Streamiz trial: 2 years in prison and a fine of 83.6 million euros

It was one of the most popular illegal streaming sites in France. Its fugitive administrator was heavily condemned by the Nanterre court.

A 41-year-old man was sentenced this Monday in his absence, in Nanterre (Hauts-de-Seine), to two years in prison and more than 80 million euros in damages for having administered a streaming site illegal, we learned Tuesday from corroborating sources.

The defendant, on the run, was found guilty of "counterfeiting" and "concealed work". He will have to pay 83.6 million euros in damages to the civil parties, two professional unions, Disney, 20th Century Fox, Warner Bros. and the Society of Authors, Composers and Music Publishers (Sacem) in particular.

The offender managed a film distribution platform called "Streamiz", the second most popular streaming site in France in 2011 with an average of 250,000 unique visitors per day, said the lawyer for Sacem. The site, which has since been closed, offered around 40,000 films, some of which had not yet been released on DVD and which had a total of 500 million views, according to the same source.

After a complaint from the National Federation of Film Distributors (FNDF) in December 2009, investigators had found the trace of the defendant in 2011 in Hauts-de-Seine, according to a source familiar with the matter.

A defendant on the run

The suspect was arrested in October 2011 as he left his home in Montrouge with, in his backpack, nearly 30,000 euros in cash concealed in socks.

Summoned by the examining magistrate, the defendant did not appear. He was still at large on Monday when he was sentenced. The court upheld the effects of the arrest warrant issued against him.

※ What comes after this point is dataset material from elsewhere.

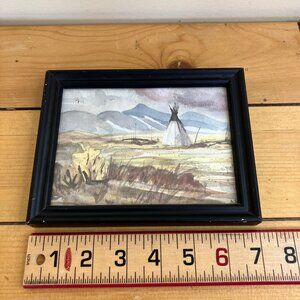 Framed postcard has original watercolor painting of a traditional teepee in a wilderness landscape scene. Postcard has handwritten message & postmark on back. Artist's initials "A.S.F." are signed to the bottom right corner. Frame size is 5 1/2" x 7". Pre-owned condition: wooden frame has a few scratches/chips/indents to black painted surface.

The investigation revealed that the defendant had earned in just under two years around 150,000 euros in advertising revenue, and documents showing the existence of accounts abroad were found, according to the same source.

A condemnation of "pirates" for example

His conviction allows "to mark the spirits and to show the concrete importance of the damage caused by these sites", explained Me Christian Soulié, lawyer of the civil parties. His conviction could only be "the first step" as the defendant was not present or represented by a lawyer, he added.

"It is a patent case of commercial counterfeiting" based on a "very structured" system, declared David El Sayegh, secretary-general of Sacem. His conviction "sends a very clear message: there will be no impunity for pirates," he added.